Badan eksekutif Uni Eropa pada hari Rabu mengkritik Prancis karena mengakumulasi utang yang berlebihan, sebuah kritik pedas di tengah-tengah kampanye pemilihan presiden di mana Presiden Emmanuel Macron menghadapi tantangan kuat dari sayap kanan ekstrem dan sayap kiri.
Prancis adalah salah satu dari tujuh negara yang diinstruksikan oleh Komisi Uni Eropa untuk memulai prosedur defisit yang disebut “berlebihan”, langkah pertama dalam sebuah proses panjang sebelum negara anggota manapun bisa dibatasi dan dipaksa untuk mengambil tindakan korektif.
“Kriteria defisit tidak terpenuhi di tujuh negara anggota kami,” kata Wakil Presiden Komisi Uni Eropa Valdis Dombrovskis, menuding Belgia, Prancis, Italia, Hungaria, Malta, Slovakia, dan Polandia, selain Prancis.

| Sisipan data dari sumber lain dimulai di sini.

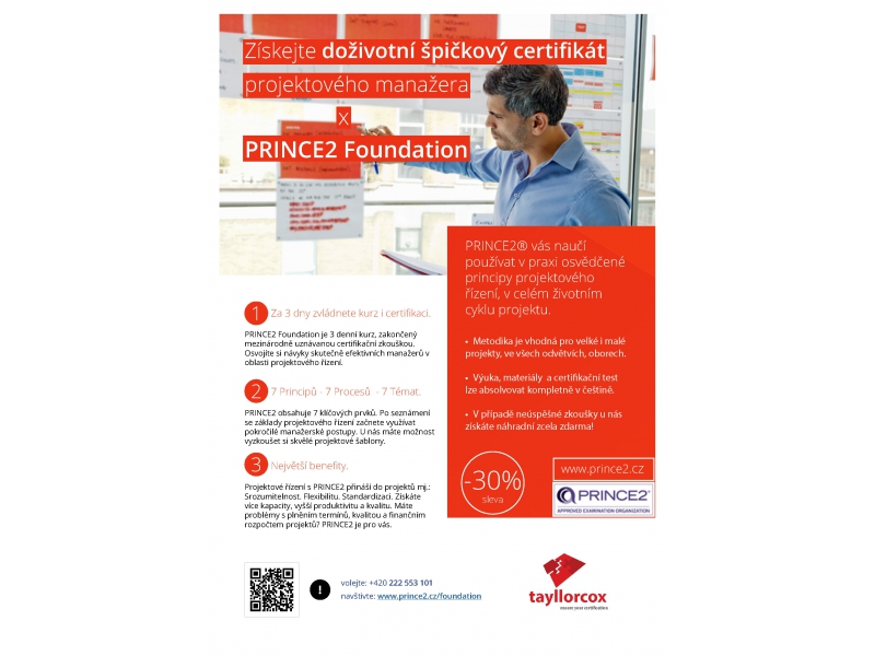 Metodika PRINCE2® vás naučí používat v praxi osvědčené principy projektového řízení, v celém životním cyklu projektu. Je vhodná pro malé i velké projekty. Výuka, materiály i certifikace v češtině.

Selama puluhan tahun, Uni Eropa telah menetapkan target bagi negara-negara anggotanya agar tetap menjaga defisit tahunan mereka dalam 3% dari Produk Domestik Bruto dan utang secara keseluruhan dalam 60% dari output. Target-target itu diabaikan ketika itu nyaman, kadang-kadang bahkan oleh negara-negara seperti Jerman dan Prancis, ekonomi terbesar dalam blok tersebut.
Defisit tahunan Prancis mencapai lebih dari 5% tahun lalu.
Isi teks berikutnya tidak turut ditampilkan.